Prologue
Bar Harbor, 1913
The cliffs call to me. High and fierce and dangerously beautiful, they stand and beckon as seductively as a lover. In the morning, the air was as soft as the clouds that rode the sky to the west. Gulls wheeled and called, a lonely sound, like the distant ring of a buoy that carried up on the wind. It brought an image of a church bell tolling a birth. Or a death.
Like a mirage, other islands glinted and winked through the faint mist the sun had yet to burn from the water. Fishermen piloted their sturdy boats from the bay and out to the rolling sea.
Even knowing he would not be there, I couldn 't stay away.
I took the children. It can't be wrong to want to share with them some of the happiness that I always feel when I walk in the wild grass that leads to the tumbled rocks. I held Ethan's hand on one side, and Colleen's on the other. Nanny gripped little Sean's as he toddled through the grass after a yellow butterfly that fluttered just beyond his questing fingers.

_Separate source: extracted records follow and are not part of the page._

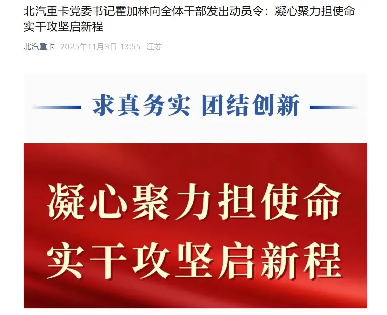 近日,从北汽重卡官方获悉,霍加林已经出任北汽重卡党委书记。在北汽重卡近期的官方推文中,霍加林均以北汽重卡党委书记的身份出现,其中11月3日推文标题直接为《北汽重卡党委书记霍加林向全体干部发出动员令:凝心聚力担使命 实干攻坚启新程》。在该文中,霍加林提出,北汽重卡要在四季度冲刺期锚定目标不放松,勇于担当、敢于履责,直面困难、迎难而上,强化执行、抓好落实,坚决打赢2025年决战决胜“收官战”。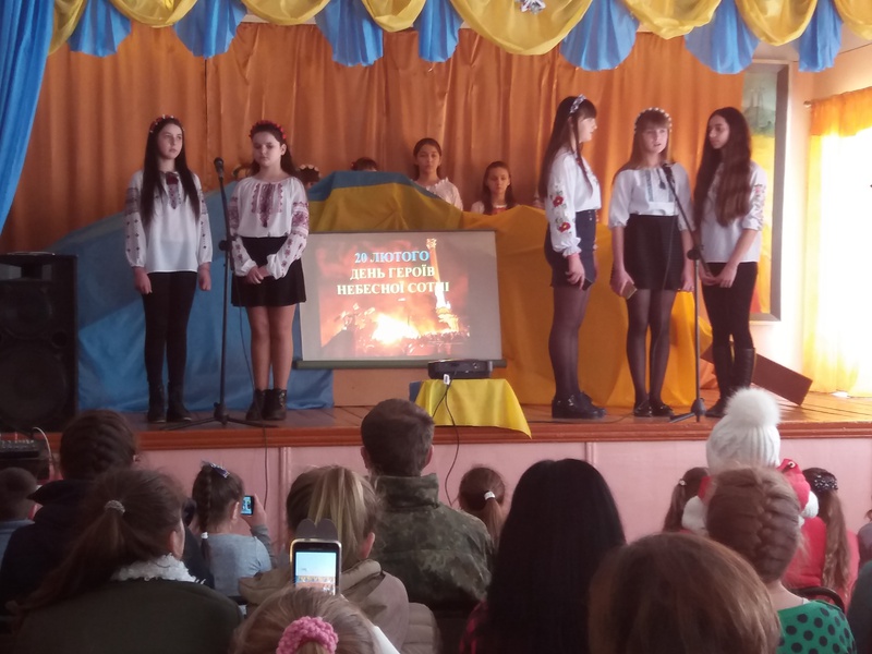 Виховний захід "СТОЇТЬ МАЙДАН БРАТІВ - ПЛЕЧЕ В ПЛЕЧЕ" присвячено пам'яті Героїв Небесної Сотні. Педагогом-організатором школи складено сценарій заходу з використанням комп'ютерної презентації, де відображено події 20 лютого 2014 року. Участники заходу учні 5-11 заходів декламували вірші, співали патріотичних пісень. На виховний захід учнями школи було запрошено учасників АТО - колишніх випускників нашої школи.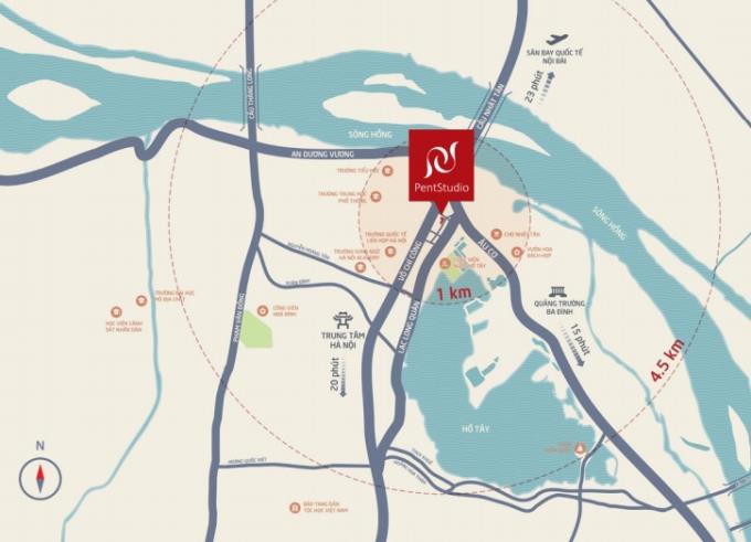 Nằm tại số 699 Lạc Long Quân - Phú Thượng, một trong những vị trí trung tâm quận Tây Hồ, nằm ngay cạnh Hồ Tây. Dự án PentStudio chiếm ưu thế rất lớn về mặt giao thông, trong vùng bán kính "Vàng", gần các con đường huyết mạch của Hà Nội như Võ Chí Công, Lạc Long Quân và Âu Cơ .Chỉ mất 20 phút để đi đến sân bay quốc tế Nội Bài hay quảng trường Ba Đình; 15 phút để đi đến công viên Hoà Bình; và không tới 10 phút để đi đến trường quốc tế Liên Hợp Quốc, bệnh viện quốc tế SOS Hà Nội, hoặc cầu Nhật Tân.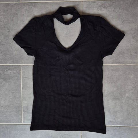 Siisti naisten musta paita , takaa vähän pitempi kuin edestä. Materiaali kevyttä kreppimästä. 100% polyester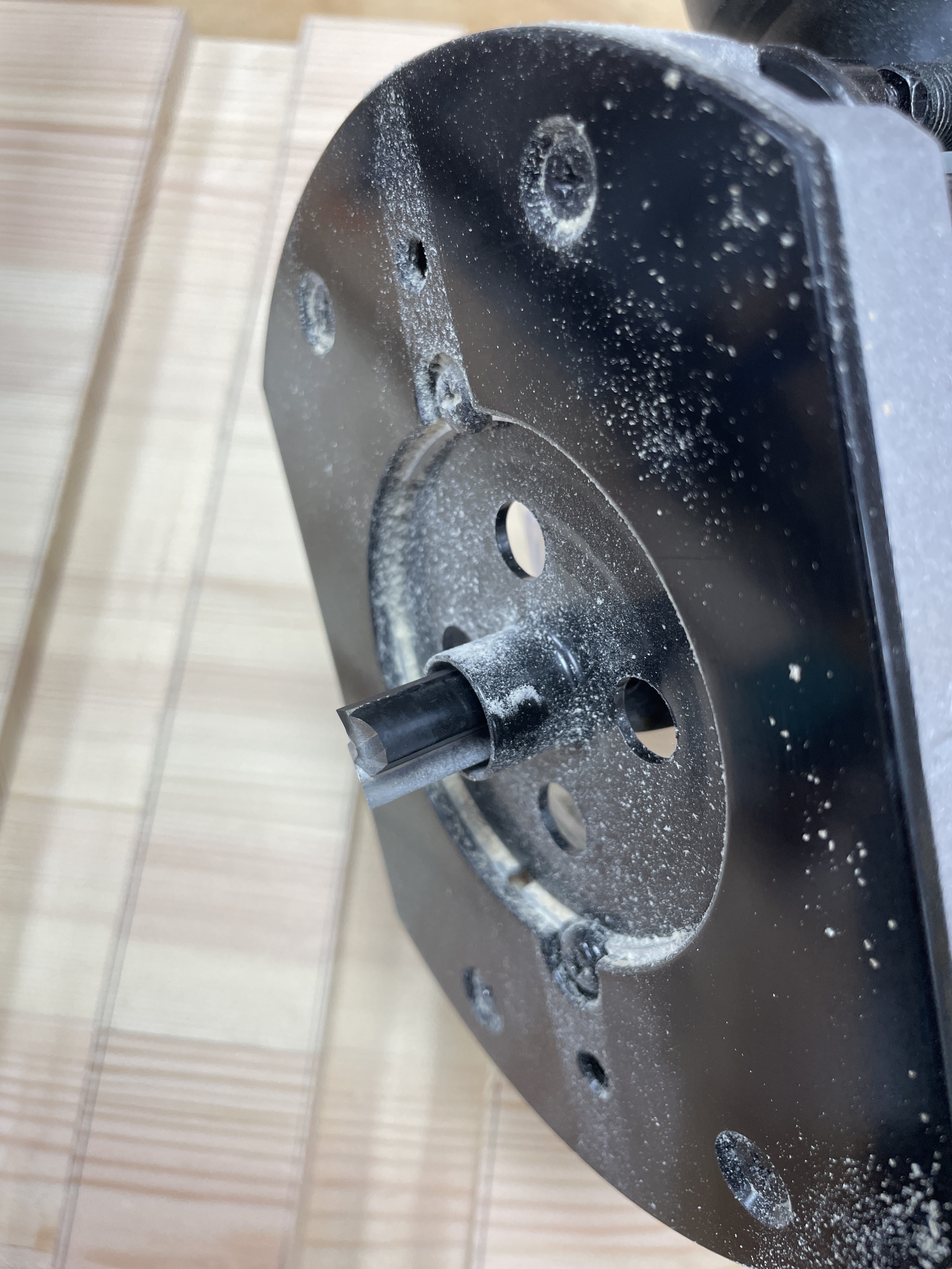 La desventaja: no funciona la aspiración de virutas porque el anillo tapa el orificio inferior de la base.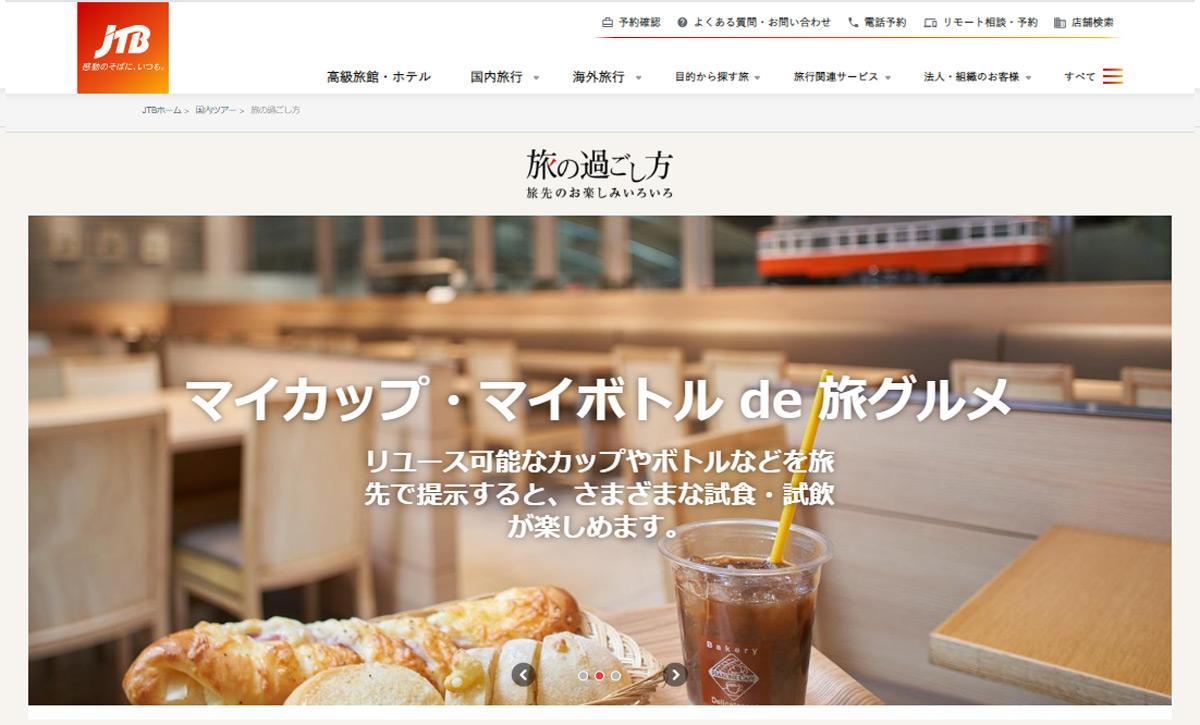 「旅の過ごし方+plus」にはJTBオリジナル「満喫クーポン」だけでなくさまざまなプランがあるんです。「マイカップ・マイボトルde旅グルメ」はリユース可能なカップやボトルを提示すると、さまざまな試飲・試食が楽しめて、なんと0円!

The sound of their laughter–the sweetest sound a mother can hear–lifted through the air. They have such bright and depthless curiosity, such unquestioning trust. As yet, they are untouched by the worries of the world, of uprisings in Mexico, of unrest in Europe. Their world does not include betrayals or guilt or passions that sting the heart. Their needs, so simple, are immediate and have nothing to do with tomorrow. If I could keep them so innocent, so safe and so free, I would. Yet I know that one day they will face all of those churning adult emotions and worries.
But today there were wildflowers to be picked, questions to be answered And for me, dreams to be dreamed.
There is no doubt that Nanny understands why I walk here. She knows me too well not to see into my heart. She loves me too well to criticize. No one would be more aware than she that there is no love in my marriage.